During the trial, the Evening Bulletin, a public newspaper in Philadelphia, contained some account of the case, including the amount ($75,000) named in Mrs. Wilson's statement of claim. The next morning the matter was called to the attention of the trial judge, when four of the jurors said they had read the article but that it would not influence their verdict. The trial judge cautioned the jury to entirely disregard it, but refused to withdraw a juror and continue the case. This was a matter largely within his discretion, which was wisely exercised. See Com. v. Valverdi,
At the instance of defendant, an occulist examined Mrs. Wilson's eyes during the trial and then was not called as a witness.

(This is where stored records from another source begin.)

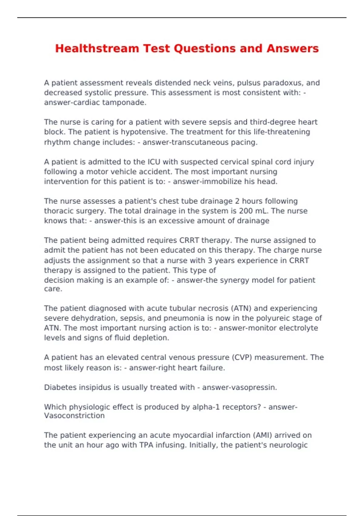 Healthstream Test Questions and Answers A patient assessment reveals distended neck veins, pulsus paradoxus, and decreased systolic pressure. This assessment is most consistent with: - answer-cardiac tamponade.
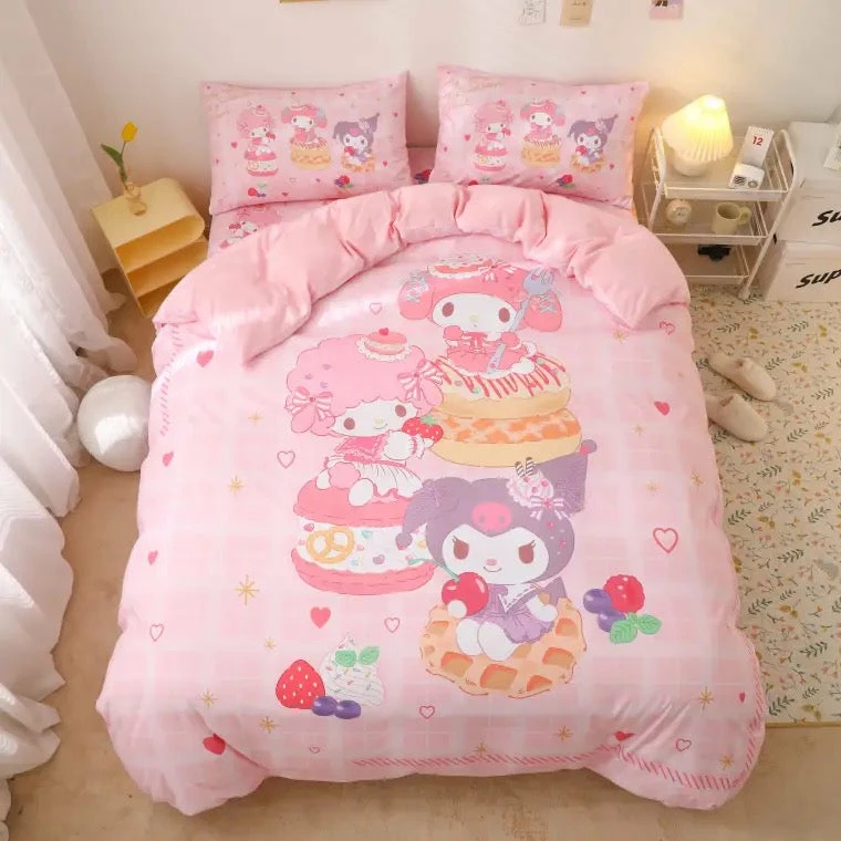 Duvet cover (not duvet) + 2 pillow cases + bed sheet (covered mattress) Â
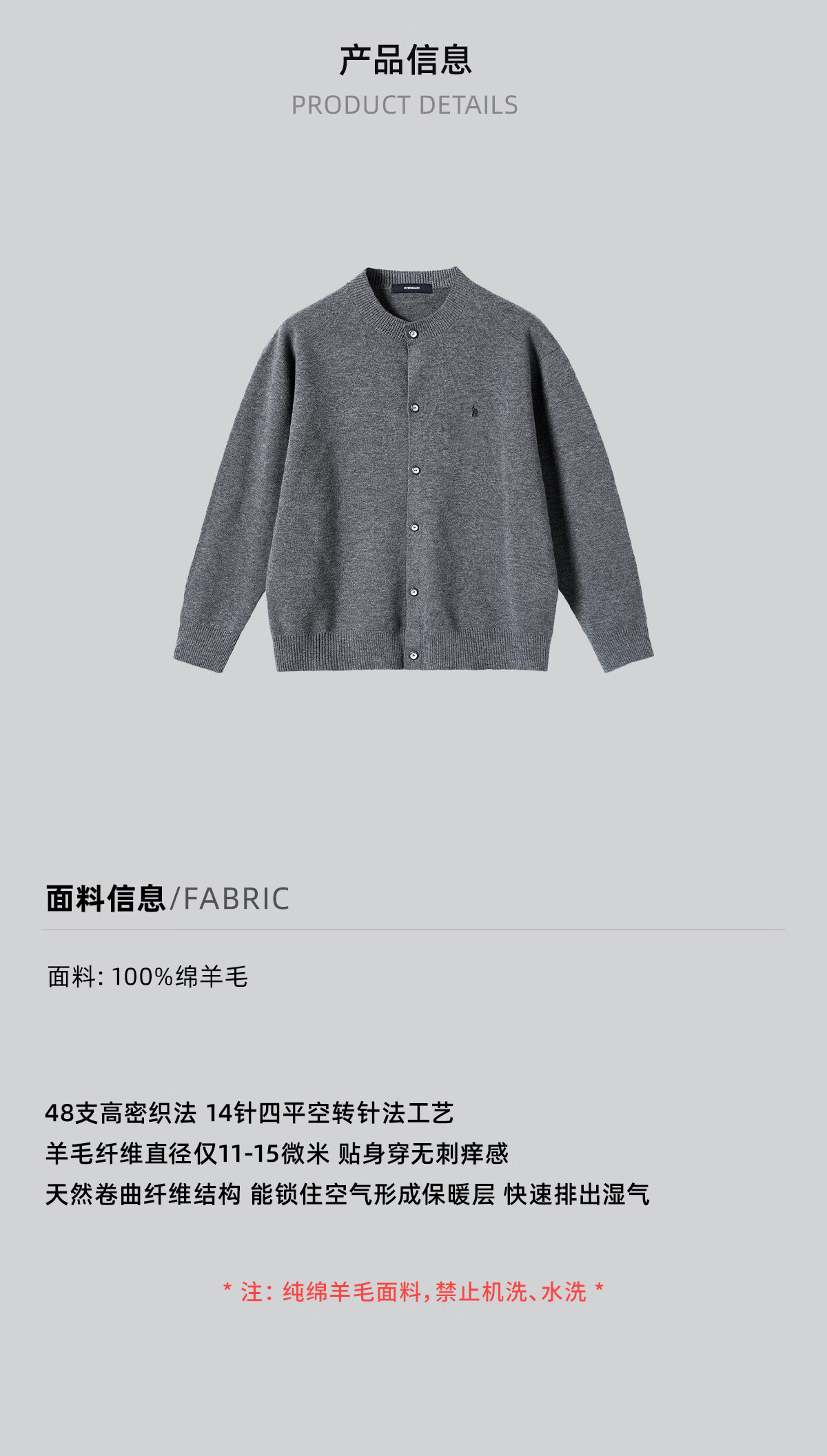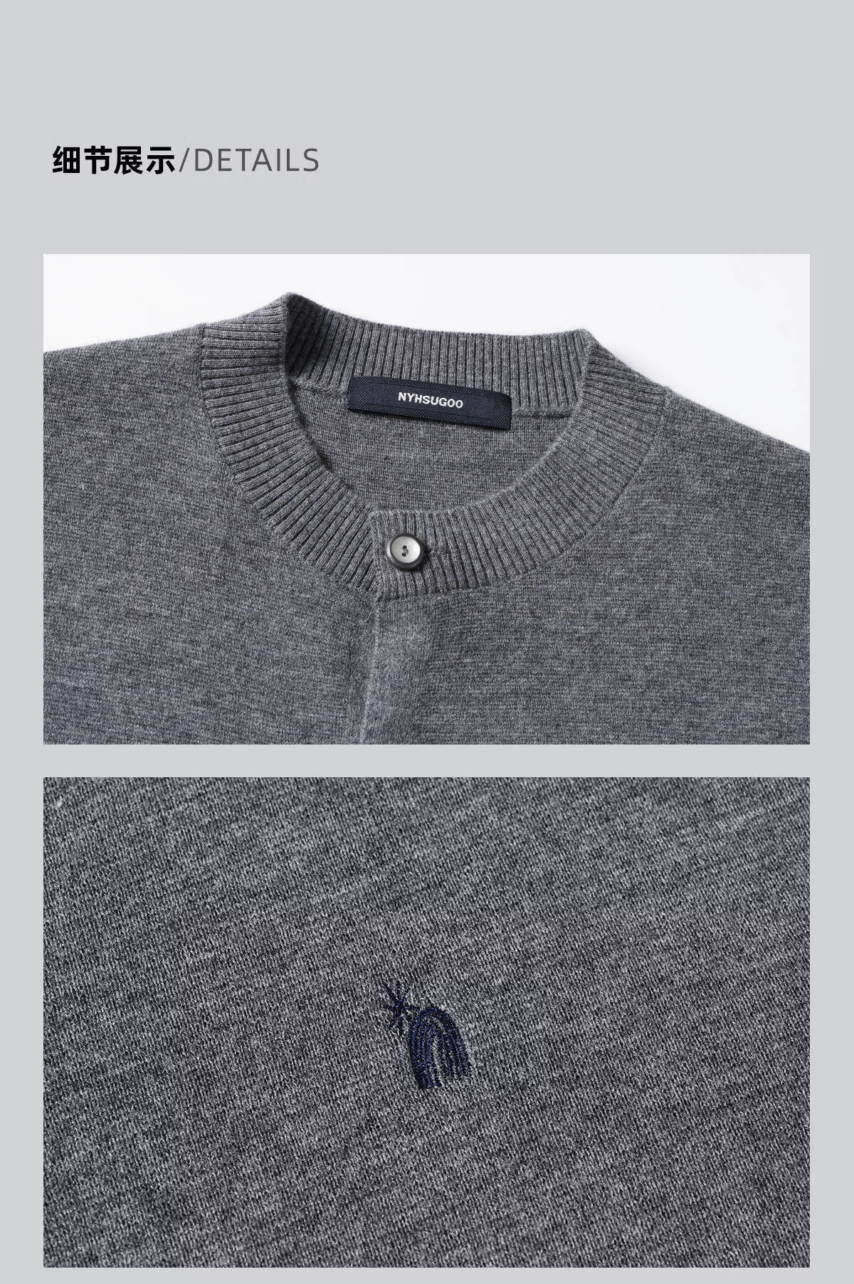 Nanyi/NYHSUGOO 100% sheep wool 48 counts 14 needles four flat idle stitch sweater cardigan 15175 men dark gray L 131-150Jin Jin equals 0.5 kg

There was no error in permitting her in rebuttal to mention this examination. The neglect of appellant to call its own expert might permit the jury to infer that if called his testimony would not aid the defense. See Steel et al., Exrs., v. Snyder et ux.,
Plaintiffs' witnesses made a very plain case of negligence, hence it was not error for the trial judge to remark to the jury that if they believed such evidence they would likely conclude that the defendant was guilty of negligence. This left the question to the jury and was followed by a remark to the effect that if the jury believed the defendant's witnesses, there could be no recovery.
In appeal No. 275, January Term, 1928, the judgment in favor of Mrs. Madeline A. Wilson is affirmed. In appeal No. 277, January Term, 1928, the judgment for $5,000 in favor of John H. Wilson is affirmed, and in appeal No. 276, January Term, 1928, the judgment for $3,000 in favor of John H. Wilson is reduced to the sum of $365, with damages equal to six per cent for delay since January 7, 1927, and as so modified is affirmed.